Structure Padding and GetElementPtr

Hi all,

I’m writing a pass to understand the memory access to C++ class members. For each GetElementPtr instruction, I check the second index to the class pointer, to figure out which member it is intended to access.

However, due to the structure padding, there are some fake members inserted into the structure. For example, when GEP works on the 5th element of the padded structure, it may in fact works on the originally 3rd one, if there are two paddings before the original 3rd member.

Is there any way to map this “5th” access to the original “3rd” one? For example, some APIs to tell whether one member is a real member, or a padded one?
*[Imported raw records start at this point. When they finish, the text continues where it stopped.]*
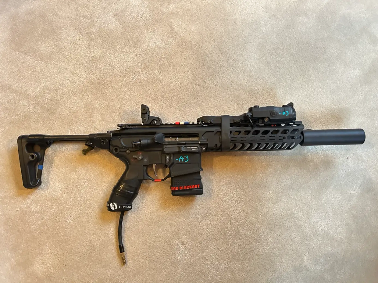En ajoutant un silencieux avec mousse Silverback la replique devient silencieux comme un monastère. Et vous pouvez régler la cadence avec le FCU (dans la poignée)
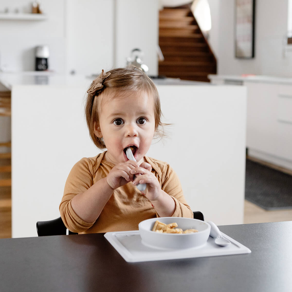 The Mini Bowl is designed for toddlers 12m+. The suction feature helps little ones to eat independently and means less mess for parents.
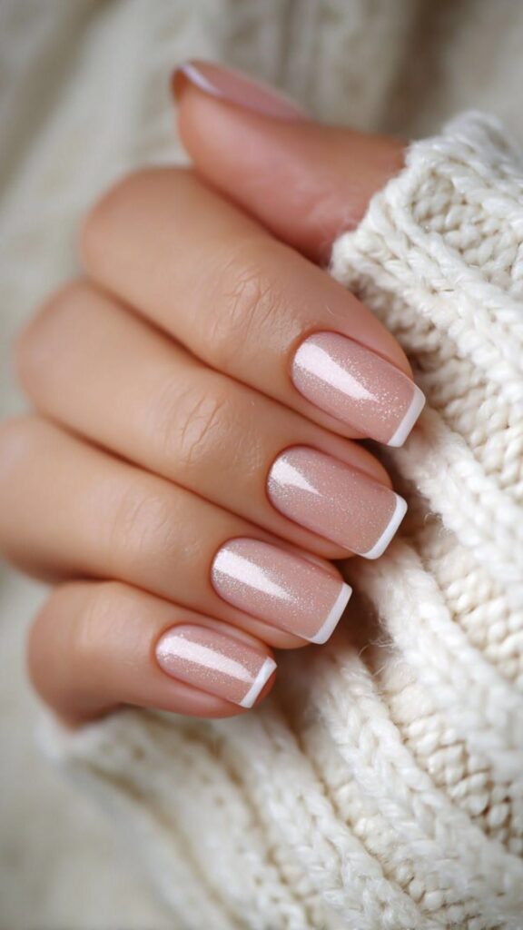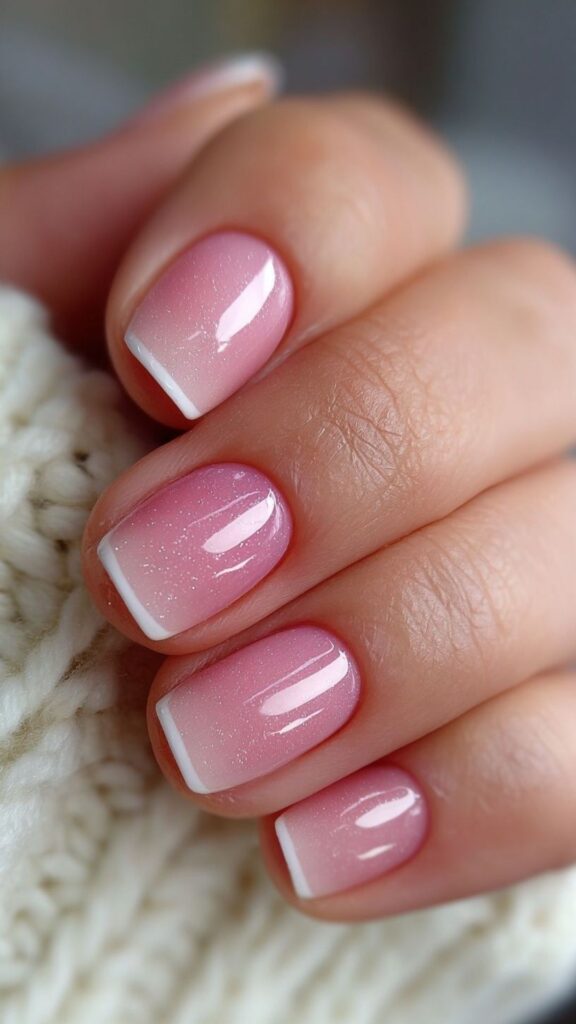 Short oval nails in a sheer pink shade with delicate shimmer. Soft, romantic, and slightly translucent.

I would suggest converting the index of the struct GEP into an offset in bytes; see StructLayout::getElementOffset. You can then compare that to the layout of the original C++ class. -Eli

Thanks, Eli.

Next question is how to get the layout of the original C++ class from LLVM IR?

Only Clang really knows the original structure layout. You can pass ‘-Xclang -fdump-record-layouts’, though, to see the layout during compilation. The DICompositeType metadata produced when compiling with debug info might contain enough information to describe the original layout.

Here is an example:

I can define two classes: A and Apad:

class A {
bool b1, b2;
double d1;
int i1;
};

class Apad {
bool b1, b2;
bool pad1[6];
double d1;
int i1;
bool pad2[4];
};

A and Apad will have the same layout, from the LLVM IR level:

%class.A = type <{ i8, i8, [6 x i8], double, i32, [4 x i8] }>

%class.Apad = type { i8, i8, [6 x i8], double, i32, [4 x i8] }

Yes, Reid. I have used these methods to figure out the layout.

Now my question is to build a map between the original layout and the new layout. I show one example below. When LLVM IR access the 4th (starting from 0th) member (i32) of the class A, the map will tell that in fact it is accessing the originally 3rd member (i1). Any suggestion?

Add the example:

class A {
bool b1, b2;
double d1;
int i1;
};

%class.A = type <{ i8, i8, [6 x i8], double, i32, [4 x i8] }>

Yes.
LLVM types != C++ types.
There is no mapping except that produced if you add debug info.

Thanks all. Finally find a way to do the mapping.

In the metadata, each element (member in C++) has the offset field, which is the offset in the new layout. With this field, I can match each index used by GetElementPtr with the original member.